La storia dei terremoti nell’Italia centrale è accomunata da un unico filo rosso. È l’Appennino, con le sue fratture attive che si allungano lungo l’asse della catena e creano terremoti con ipocentri generalmente superficiali. Il professor Giuseppe Giunta, ordinario di “Geologia strutturale”, già docente dell’Università di Palermo, ha chiarito il perché della “somiglianza” tra il terremoto che ha messo in ginocchio il Rietino e quello che nel 2009 devastò L’Aquila: “La maggior parte, come quello dell’Aquila, hanno la stessa caratteristica. Ovvero avvengono lungo fratture allungate in direzione appenninica, hanno ipocentri superficiali come profondità di rilascio dell’energia”.
“Per avere una magnitudo di questo tipo ci devono essere delle faglie che nella crosta terrestre si allungano per 30-40 chilometri di lunghezza, e prevedono una serie di repliche che possono verificarsi per molto tempo – spiega il professor Giunta – C’è da tenere in considerazione che un sisma può anche innescare dei disequilibri in faglie vicine o relativamente lontane. Questo è un pericolo, è anche possibile che alcuni terremoti nelle zone adiacenti siano dovuti all’attivazione di altre faglie”.
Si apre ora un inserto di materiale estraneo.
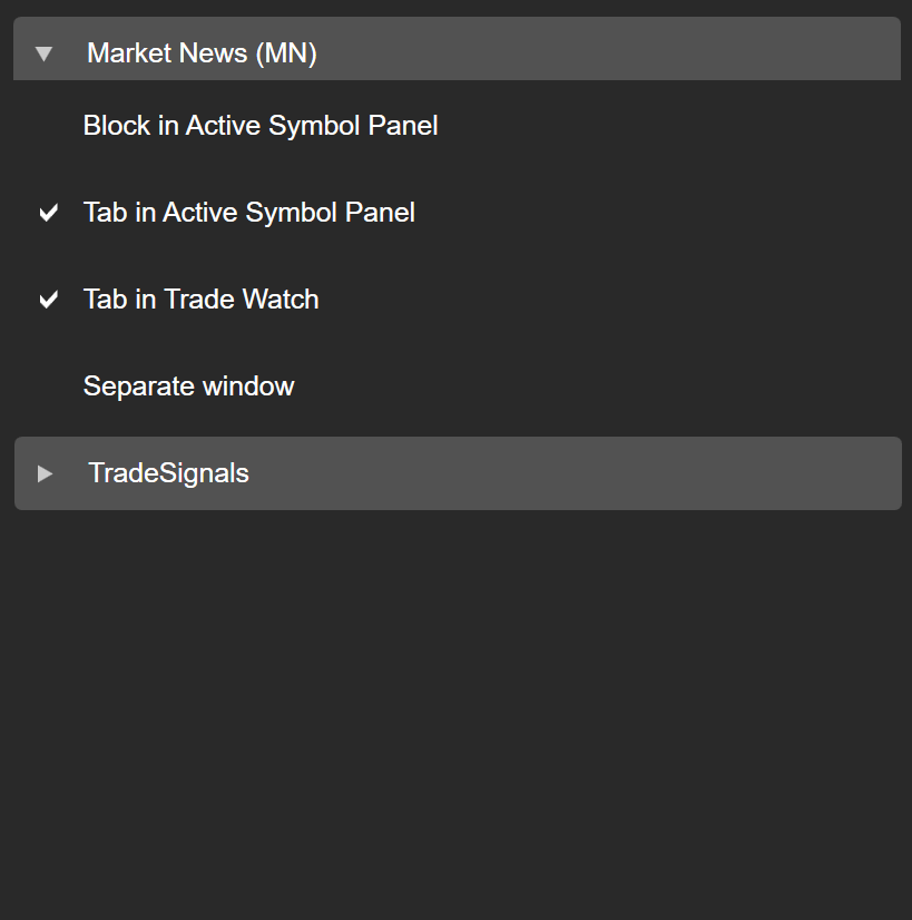 In cTrader Mobile, select the interface areas where you want the WV plugin to be displayed.

La possibilità di una recrudescenza sismica nei prossimi giorni c’è sempre: “Lo sciame sismico sta continuando con decine di terremoti, che avvengono a distanza di pochi minuti. Questo durerà per un po’ di tempo, per mesi o addirittura anni. C’è da aspettarsi che il massimo dell’energia sia stata dissipata nell’evento principale e che non ci siano delle repliche della stessa entità, o addirittura superiori”.
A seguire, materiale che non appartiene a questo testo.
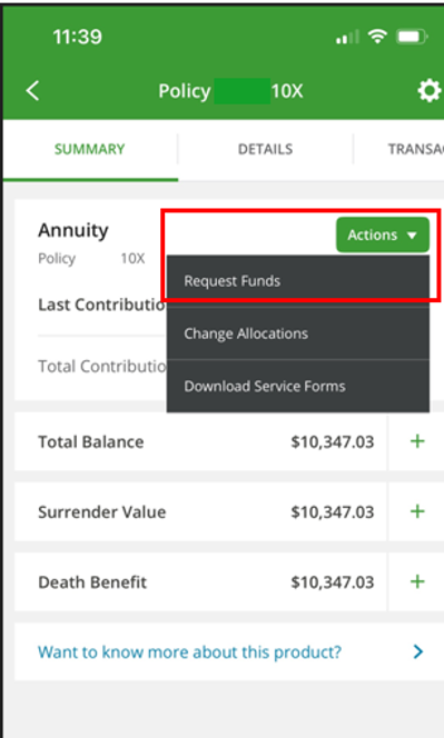 - Select the drop-down menu titled “Action,” then select “Request Funds.” The App will then walk you through the steps of requesting your loan or withdrawal.
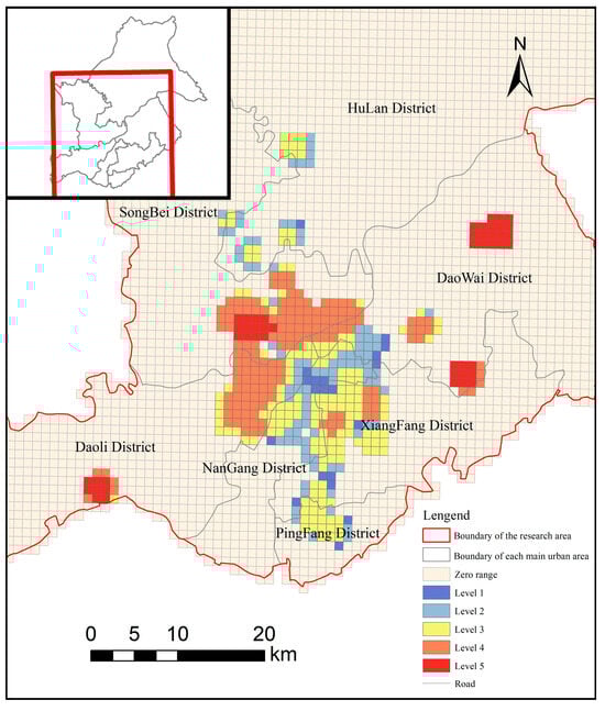 The supply in the calculation of the supply–demand matching degree of supply is the area of parkland in the primary urban area of Harbin City. According to crawling the Gaode map of Harbin City’s primary urban built-up area AOI, a total of 114 status quo parks and green spaces were extracted, with a green space area of 3020.85 hm2, which accounted for a proportion of the city’s built-up land of 0.65%, and an average per capita park green space area of 5.17 m2 (Figure 9). The demand in the calculation of the supply and demand matching degree of demand for the population density is the 2021 Harbin City residential built-up area population of 5,841,900 people. The model sets up one to four levels of supply and demand capacity: the higher the level, the stronger the supply and demand capacity.

La conta dei danni è ancora in corso, ma ecco che il tema della prevenzione torna attualissimo. Ci si può proteggere? Il Giappone può essere un modello? “La prevenzione, non c’è dubbio, si fa in maniera diversa da paese a paese. Per quello che riguarda il Giappone siamo in condizione geodinamiche diverse dall’Appennino o dall’Italia. È un tessuto urbanistico diverso. A Fukushima, una scossa prossima a 9.0 ha creato un disastro immane che neanche i giapponesi sono riusciti a controllare”.
“In Italia c’è un’urbanizzazione antichissima in territori collinari o di montagna – puntualizza il professore Giunta – con centri storici molto antichi e importanti dove bisogna affrontare costi enormi. Se si dovesse per assurdo cominciare una prevenzione radicale, mettendo a disposizione tutte le risorse, non si raggiungerebbe il massimo della protezione prima di parecchi anni. Già ci sono delle azioni di prevenzione in atto nel nostro paese, ma sono azioni legate alle nostre capacità finanziare. Si agisce in parte sulla base di quelle che sono le zone con maggiore rischio, agendo con interventi mirati alla cosidetta mitigazione del danno”.
A cosa deve prepararsi la popolazione colpita dal sisma della scorsa notte? “Una volta avvenuto questo choc, il tutto dovrebbe andare a decrescere nel tempo e nella magnitudo, ma continueranno le repliche, o scosse di assestamento. In provincia di Perugia ce n’è stata una di 5.0 circa, ce n’è stata un’altra di 4.6 nella provincia di Rieti. Parliamo di repliche abbastanza forti. In un edificio parzialmente danneggiato, è chiaro che una replica di questo tipo lo butta giù“.
Insomma, c’è da augurarsi che ci siano delle repliche “non troppo forti”. “Potrebbe avvenire e non possiamo escluderlo un evento che sia superiore alla scossa principale – chiosa il professor Giunta – Questo non si può escludere o perché si attiva una faglia vicino a quella che ha prodotto il terremoto oppure perché non tutta l’energia dissipata è stata rilasciata”.
La zona a rischio rimane comunque circoscritta: “Nella catena appenninica molte faglie generano terremoti piuttosto superficiali come profondità ipocentrale, e hanno caratteristiche di movimenti comuni, in parte differenti con le regioni alpine o con la Sicilia e la Calabria meridionale, con le quali non c’è una relazione diretta, pur appartenendo allo stesso sistema geodinamico”.